Given this brisk growth, domestic industries are in a race against time to ramp up capacity, increase
production, and achieve market access via channels of distribution. One sector that is expected to bear
the brunt of this demand is the fast moving consumer goods (FMCG) industry with retail sales expected
to top $40 billion by 2015 (India Brand Equity Foundation 2008). FMCG's encompass a wide range of
products such as toiletries, soap, cosmetics, toothpaste, shaving cream, and detergents (Coulthart
2006). Multinationals with a significant FMCG presence in India are Unilever, Procter and Gamble,
Nestle, and Cadbury. Despite its potential, the FMCG industry faces several significant marketing
constraints. First, manufacturers and retailers have to grapple with fragmented markets and a plethora
of channel forms in a constant state of flux. In particular, numerous street-side vendors, hawkers, and
roughly 12 million unregulated neighborhood mom-and-pop or kirana stores create strong institutional
forces that cannot be ignored. Second, frequent regulatory changes affect channel structure and
exacerbate adaptation challenges. For example, in 2006 the government allowed direct foreign entry by
single brand retailers (Lakshman 2007). Consequently, firms scampered for upscale retail space in a
hypercompetitive real estate market while domestic manufacturers faced a multitude of challenges in
the areas of new product introduction, line stretching, and branding. Given the importance of
distribution channels to the Indian economy, one would expect a considerable body of relevant
academic research to be readily available. However, a careful appraisal of extant research belies this
expectation.
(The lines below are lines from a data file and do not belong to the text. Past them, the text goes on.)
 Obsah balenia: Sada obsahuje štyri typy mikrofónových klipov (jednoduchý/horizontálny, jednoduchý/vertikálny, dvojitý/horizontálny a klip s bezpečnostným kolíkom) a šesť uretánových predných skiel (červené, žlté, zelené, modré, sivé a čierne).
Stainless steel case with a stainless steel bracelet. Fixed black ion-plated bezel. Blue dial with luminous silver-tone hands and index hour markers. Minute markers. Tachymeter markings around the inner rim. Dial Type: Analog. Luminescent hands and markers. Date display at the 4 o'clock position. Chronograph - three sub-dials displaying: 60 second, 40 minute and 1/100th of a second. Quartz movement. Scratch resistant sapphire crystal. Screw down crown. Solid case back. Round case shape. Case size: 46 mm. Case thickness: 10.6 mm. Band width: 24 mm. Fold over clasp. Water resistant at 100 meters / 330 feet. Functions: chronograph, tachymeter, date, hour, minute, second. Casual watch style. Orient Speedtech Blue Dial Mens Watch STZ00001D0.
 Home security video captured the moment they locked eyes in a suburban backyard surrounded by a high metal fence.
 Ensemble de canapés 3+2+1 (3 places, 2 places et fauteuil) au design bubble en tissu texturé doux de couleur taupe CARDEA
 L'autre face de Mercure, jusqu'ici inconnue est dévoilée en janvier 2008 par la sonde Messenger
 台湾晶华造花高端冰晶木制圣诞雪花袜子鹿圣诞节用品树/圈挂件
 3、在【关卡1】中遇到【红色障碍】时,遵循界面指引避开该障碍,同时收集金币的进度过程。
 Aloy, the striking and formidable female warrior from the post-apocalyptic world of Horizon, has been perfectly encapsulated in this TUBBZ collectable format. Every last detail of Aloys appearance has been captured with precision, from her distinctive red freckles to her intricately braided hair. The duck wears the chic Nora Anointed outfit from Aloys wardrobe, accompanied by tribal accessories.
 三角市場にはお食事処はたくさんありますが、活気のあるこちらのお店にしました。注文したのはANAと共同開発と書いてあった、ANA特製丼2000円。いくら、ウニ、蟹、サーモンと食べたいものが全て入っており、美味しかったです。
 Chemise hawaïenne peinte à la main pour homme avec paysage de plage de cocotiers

While India has garnered much attention, the focus has primarily been on general topics
pertaining to the socio-economic, political, and business environments (Basu 2008; Khanna 2008; Vietor
and Thompson 2007). In recent years, the emphasis has shifted to include research on other topics like
entry modes (Johnson and Tellis 2008), and outsourcing (Marshall 2002). However, there remains a
paucity of systematic work on the impact of distribution on the Indian economy in general and the
FMCG industry in particular. This study attempts to bridge the gap in our understanding of FMCG
distribution channels in India.

A brief explanation of different channels of distribution is given below:

1. Manufacturer _ Customer:

This is also known as direct selling because no middlemen are involved. A producer may sell directly
through his own retail stores, for example, Bata. This is the simplest and the shortest channel. It is fast
and economical. Small producers and producers of perishable commodities also sell directly to the local
consumers. Big firms adopt direct selling in order to cut distribution cost and because 274 they have
sufficient facilities to sell directly to the consumers. The producer or the entrepreneur himself performs
all the marketing activities.
2. Manufacturer _ Retailer _ Customer:

This is one stage distribution channel having one middleman, i.e., retailer. In this channel, the
producer sells to big retailers like departmental stores and chain stores who in turn sell to customer.
This channel is very popular in the distribution of consumer durables such as refrigerators, T V sets,
washing machines, typewriters, etc. This channel of distribution is very popular these days because of
emergence of departmental stores, super markets and other big retail stores. The retailers purchase in
large quantities from the producer and perform certain marketing activities in order to sell the product
to the ultimate consumers.

3. Manufacturer _ Wholesaler _ Retailer _ Customer:

This is the traditional channel of distribution. There are two middlemen in this channel of
distribution, namely, wholesaler and retailer. This channel is most suitable for the products with widely
scattered market. It is used in the distribution of consumer products like groceries, drugs, cosmetics,
etc. It is quite suitable for small scale producers whose product line is narrow and who require the
expert services and promotional support of wholesalers.